Look below for the line containing "Little girl sitting" and the line containing "Tunggu Apalagi langsung", then set down both and every line between them exactly, without pictures.

** The records follows **

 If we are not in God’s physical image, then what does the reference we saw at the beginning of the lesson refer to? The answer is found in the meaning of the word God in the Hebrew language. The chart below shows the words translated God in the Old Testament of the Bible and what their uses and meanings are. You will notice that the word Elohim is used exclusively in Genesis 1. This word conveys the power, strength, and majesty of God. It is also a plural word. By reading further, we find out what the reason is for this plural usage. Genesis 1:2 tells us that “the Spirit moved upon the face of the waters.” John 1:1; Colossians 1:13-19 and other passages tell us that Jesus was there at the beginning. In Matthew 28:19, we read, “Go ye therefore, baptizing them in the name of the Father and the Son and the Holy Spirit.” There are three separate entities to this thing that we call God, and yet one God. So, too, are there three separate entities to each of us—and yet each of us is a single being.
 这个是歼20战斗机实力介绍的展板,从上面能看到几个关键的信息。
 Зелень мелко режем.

** End of The records **
** The records follows **

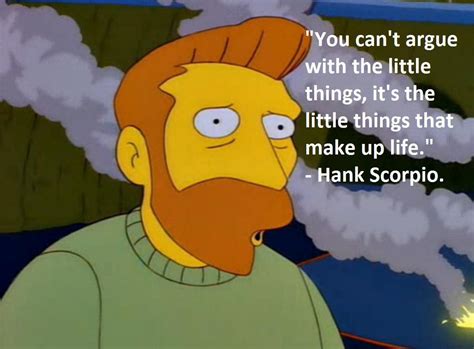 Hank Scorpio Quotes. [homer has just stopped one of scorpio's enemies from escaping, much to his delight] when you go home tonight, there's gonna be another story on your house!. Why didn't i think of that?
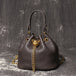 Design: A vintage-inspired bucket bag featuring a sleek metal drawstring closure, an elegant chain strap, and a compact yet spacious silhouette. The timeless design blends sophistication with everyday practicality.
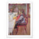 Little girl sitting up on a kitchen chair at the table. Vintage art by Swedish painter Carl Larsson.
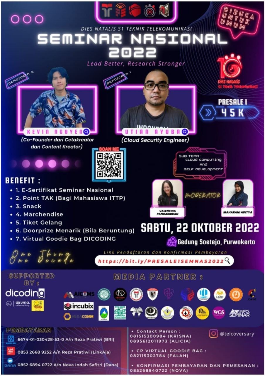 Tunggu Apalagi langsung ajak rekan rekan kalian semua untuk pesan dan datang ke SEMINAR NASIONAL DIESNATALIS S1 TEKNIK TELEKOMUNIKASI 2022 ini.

** End of The records **

== Answer to the problem ==
 Little girl sitting up on a kitchen chair at the table. Vintage art by Swedish painter Carl Larsson.
 Tunggu Apalagi langsung ajak rekan rekan kalian semua untuk pesan dan datang ke SEMINAR NASIONAL DIESNATALIS S1 TEKNIK TELEKOMUNIKASI 2022 ini.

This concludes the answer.